腾讯研究院院长司晓:打造伦理“方舟”,让人工智能可知、可控、可用、可靠

原标题:腾讯研究院院长司晓:打造伦理“方舟”,让人工智能可知、可控、可用、可靠

文| 司晓 腾讯研究院院长

过去几年,随着技术的发展,各种包含人工智能技术的产品走入大众生活的方方面面。从新闻客户端中越来越“懂你”的信息流,到开始尝试在封闭道路上自动驾驶的汽车。

但是,人工智能这个“仆人”真的忠诚么?又或者说,人工智能只需要遵守忠诚一条伦理么?

当越来越多的人工智能承担了原本由人类承担的工作,人工智能伦理问题成为了技术行业、监管机构和大众最为关注的问题。

2018年12月3日,第七届北大-斯坦福互联网法律与公共政策论坛上,腾讯研究院院长司晓发表了以“为人工智能建立伦理框架”为主题的分享。
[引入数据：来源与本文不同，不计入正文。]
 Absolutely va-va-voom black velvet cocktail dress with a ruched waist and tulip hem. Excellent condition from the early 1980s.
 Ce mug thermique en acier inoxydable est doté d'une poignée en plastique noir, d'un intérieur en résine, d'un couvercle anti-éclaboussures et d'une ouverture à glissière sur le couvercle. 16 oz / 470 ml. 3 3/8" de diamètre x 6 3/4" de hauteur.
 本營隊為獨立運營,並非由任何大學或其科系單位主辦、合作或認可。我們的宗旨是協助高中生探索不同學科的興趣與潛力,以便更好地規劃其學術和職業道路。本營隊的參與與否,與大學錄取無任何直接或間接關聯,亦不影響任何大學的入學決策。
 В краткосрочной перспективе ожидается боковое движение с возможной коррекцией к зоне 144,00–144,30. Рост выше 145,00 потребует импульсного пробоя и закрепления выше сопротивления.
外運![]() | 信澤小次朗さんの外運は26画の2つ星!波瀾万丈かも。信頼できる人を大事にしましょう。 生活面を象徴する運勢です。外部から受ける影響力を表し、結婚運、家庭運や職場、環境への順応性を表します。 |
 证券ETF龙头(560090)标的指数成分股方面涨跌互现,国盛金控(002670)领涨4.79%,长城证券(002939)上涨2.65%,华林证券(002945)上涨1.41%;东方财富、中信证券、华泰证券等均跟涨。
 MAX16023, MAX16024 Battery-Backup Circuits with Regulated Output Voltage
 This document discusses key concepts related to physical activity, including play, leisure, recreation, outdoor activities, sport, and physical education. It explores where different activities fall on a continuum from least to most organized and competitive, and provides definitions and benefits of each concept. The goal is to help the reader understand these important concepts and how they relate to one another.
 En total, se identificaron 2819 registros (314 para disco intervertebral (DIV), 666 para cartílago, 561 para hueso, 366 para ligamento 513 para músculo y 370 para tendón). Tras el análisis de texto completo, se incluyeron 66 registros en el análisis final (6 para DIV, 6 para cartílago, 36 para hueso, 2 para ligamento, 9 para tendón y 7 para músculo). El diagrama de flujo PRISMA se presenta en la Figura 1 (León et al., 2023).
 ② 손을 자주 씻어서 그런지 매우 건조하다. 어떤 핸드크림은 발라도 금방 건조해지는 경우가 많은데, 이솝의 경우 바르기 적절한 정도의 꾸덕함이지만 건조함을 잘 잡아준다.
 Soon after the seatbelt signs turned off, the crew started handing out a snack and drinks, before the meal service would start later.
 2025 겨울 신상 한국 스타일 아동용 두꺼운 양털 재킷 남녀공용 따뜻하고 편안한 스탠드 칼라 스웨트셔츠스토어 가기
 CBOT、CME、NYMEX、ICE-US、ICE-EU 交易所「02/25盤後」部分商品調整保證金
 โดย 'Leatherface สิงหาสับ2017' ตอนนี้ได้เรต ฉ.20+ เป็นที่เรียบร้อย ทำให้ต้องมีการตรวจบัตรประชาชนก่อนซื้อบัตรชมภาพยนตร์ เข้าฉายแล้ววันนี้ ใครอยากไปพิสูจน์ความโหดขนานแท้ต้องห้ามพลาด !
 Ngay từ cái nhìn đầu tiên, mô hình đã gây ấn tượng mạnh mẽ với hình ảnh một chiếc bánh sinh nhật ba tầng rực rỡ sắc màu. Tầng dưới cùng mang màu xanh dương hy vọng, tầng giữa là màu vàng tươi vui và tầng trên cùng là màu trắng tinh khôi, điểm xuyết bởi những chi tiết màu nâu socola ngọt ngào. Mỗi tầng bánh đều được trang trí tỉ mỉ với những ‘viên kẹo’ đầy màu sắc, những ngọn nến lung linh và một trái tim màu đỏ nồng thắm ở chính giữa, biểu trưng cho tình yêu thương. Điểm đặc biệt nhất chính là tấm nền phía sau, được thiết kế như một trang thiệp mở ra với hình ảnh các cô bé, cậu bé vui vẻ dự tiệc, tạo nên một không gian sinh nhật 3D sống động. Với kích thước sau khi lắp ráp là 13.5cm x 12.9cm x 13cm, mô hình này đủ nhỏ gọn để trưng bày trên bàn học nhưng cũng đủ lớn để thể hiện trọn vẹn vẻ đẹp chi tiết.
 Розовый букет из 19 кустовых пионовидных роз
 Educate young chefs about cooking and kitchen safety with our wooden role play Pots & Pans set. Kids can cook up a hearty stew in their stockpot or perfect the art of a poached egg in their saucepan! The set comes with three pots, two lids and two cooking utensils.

司晓重申了腾讯董事会主席马化腾在2018年世界人工智能大会上提到的人工智能的“四可”理念,即未来人工智能是应当做到“可知”、“可控”、“可用”和“可靠”。在本次会议上,他将“四可”翻译为“ARCC”(Available, Reliable, Comprehensible, and Controllable,读作ark),方舟让大家一下就想到保存人类生命火种的诺亚方舟,虽然他并不认同人工智能会威胁人类的生存,但以方舟的寓意来类比伦理对人工智能的重要性非常合适,他同时详细解释了“四可”背后的涵义。

司晓谈到,腾讯的愿景是通过“四可”这样的一个道德框架开始,去帮助AI开发者和他们的产品赢得公众的信任。一个新技术的诞生本身无关好坏,但通过伦理法律和各种制度设计确保这些技术能够成为“好的技术”是我们的责任。

—— 以下为演讲全文 ——

尊敬的各位领导,学者及来宾,大家下午好。

从刚才的嘉宾分享中,我们很高兴地了解到,已经有人认真考虑过机器与它的人类创造者对抗的可能性。

毫无疑问,知名作家艾萨克·阿西莫夫(Isaac Asimov)提出的“机器人三定律”已不能适应当今的人工智能发展。我们需要更加严肃、具体的方式来指导技术发展,并保护全人类的福祉。因此,我想从伦理的视角分享我对人工智能发展的一些看法——即“为人工智能建立伦理框架”

当前的人工智能发展浪潮很大程度上受益于我们在使用互联网过程中积累的大量数据。

如今,互联网连接了世界一半以上的人口,仅在中国便有8亿网民。但互联网在带来便利与效率的同时,也带来了风险,尤其是在大数据和人工智能大范围驱动日常生活的时代。算法决定着我们阅读的内容,决定着我们的目的地以及出行方式,决定着我们所听的音乐,决定着我们所购买的物品及其价格。自动驾驶汽车、自动癌症诊断和机器人写作等新事物正前所未有地接近大规模商业应用。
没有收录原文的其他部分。